Fungicidal nitroimidazole drugs have previously been reported to alter AC activity both in anterior pituitary and lymphoid cells (Stalla et al., 1989; Watson, 1990) and in heterologous expression systems (Simpson and Antoni, 2001). In this report, we show that human ACIX is insensitive to adenosine analogs and that calmidazolium is a novel noncompetitive inhibitor of adenylyl cyclase activity. The effect of calmidazolium is mediated by direct interaction with the catalytic core of the adenylyl cyclase in a manner apparently distinct from inhibition by adenosine analogs.

	Materials and Methods

Top Abstract Introduction Materials and Methods Results Discussion References

Materials. Unless otherwise indicated, all reagents were from Sigma-Aldrich and were of highest grade available (Sigma-Aldrich, Dorset, UK). Creatine phosphokinase was obtained from Roche Diagnostics Ltd (East Sussex, UK), and zaldaride was obtained from Novartis Pharma (Basel, Switzerland). Restriction enzymes were supplied by New England Biolabs Ltd (Hertfordshire, UK) and T4 DNA Ligase and Pfu DNA polymerase by Promega (Southampton, UK).

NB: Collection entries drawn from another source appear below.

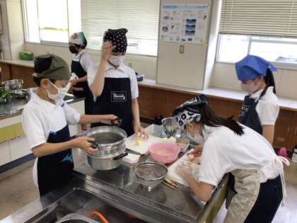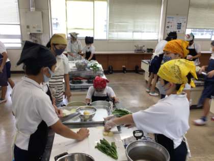 キャンプ以来の調理という子もいたのではないでしょうか?ジャガイモと青菜を茹でました。昨日の授業の様子です。
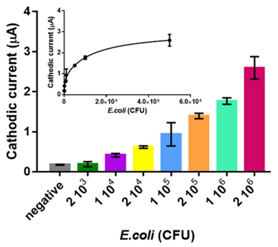 Finally, the electrochemical genosensor was evaluated for the detection of E. coli. The samples were treated according to the experimental section. Figure 8 shows the maximum signal obtained in the voltagramms for the E coli. The LOD was found to be 3 × 103 CFU in 10 µL of sample, corresponding to 104.3 CFU mL−1.
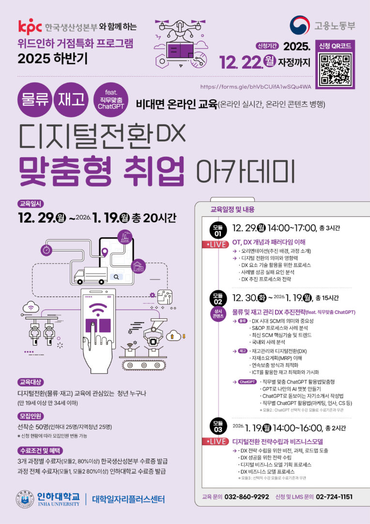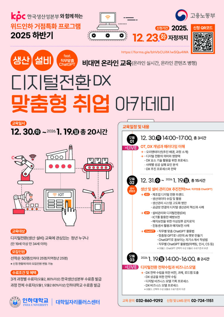 외부공지 [인하대학교] 한국생산성본부와 함께하는 “디지털전환(DX) 맞춤형 취업 아카데미” 홍보 안내 2025.12.09 조회수 122 취업지원팀 share facebook twitter kakaotalk 카카오톡 앱이설치된 모바일 기기에서만공유 가능합니다. https://www.syu.ac.kr/ucmq share 복사 facebook twitter kakaotalk 카카오톡 앱이설치된 모바일 기기에서만공유 가능합니다. 이전글 행사디지털서비스 서밋 2025 with PlugFest 행사안내 다음글 [그랜드코리아레저(주)] 2026년 제1차 융복합 관광인재 양성교육 안내 목록
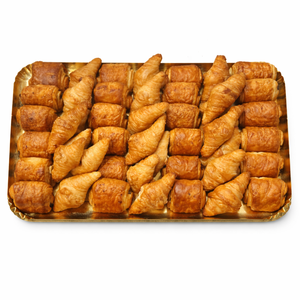 Bandeja de mini viennoiseries. Son la opción perfecta para ofrecer un buffet de desayuno o merienda o completar un catering.

Construction of Mammalian Expression Plasmids. The vector pcDNA 3.1/Myc-His B (Invitrogen, Paisley, UK) was used for expression of all catalytic active AC fusion proteins in human embryonic kidney cells (HEK293).

Production of Transient and Stable Transfected HEK293 Cells. Plasmids encoding the soluble fusion proteins were purified using the HiSpeed Plasmid Midi Kit (QIAGEN Ltd, Crawley, UK) and diluted in Tris-EDTA, pH 8.0, at a concentration of 0.5 µg/µl. Before transfection, HEK293 cells were detached from the culture flasks by 5-min treatment with a 1× EDTA/trypsin solution (Invitrogen) at 37°C and subsequently plated at 4 × 10⁶ cells per 10-cm Petri dish. The following day, using Effectene Transfection Reagent (QIAGEN) according to the manufacturer's suggestions, HEK293 cells were transiently transfected using 2 µg of plasmid per 10-cm Petri dish and incubated after transfection for 48 h at 37°C. Subsequently, transiently transfected HEK293 cells were detached using a 1× EDTA/trypsin solution as described above and pelleted by centrifugation at 1000g for 10 min at 4°C, washed briefly in Hanks' buffered saline solution (Invitrogen) and re-pelleted. HEK293 cells stably overexpressing rat ACII and mouse or human ACIX were produced and propagated as described previously (Antoni et al., 1998).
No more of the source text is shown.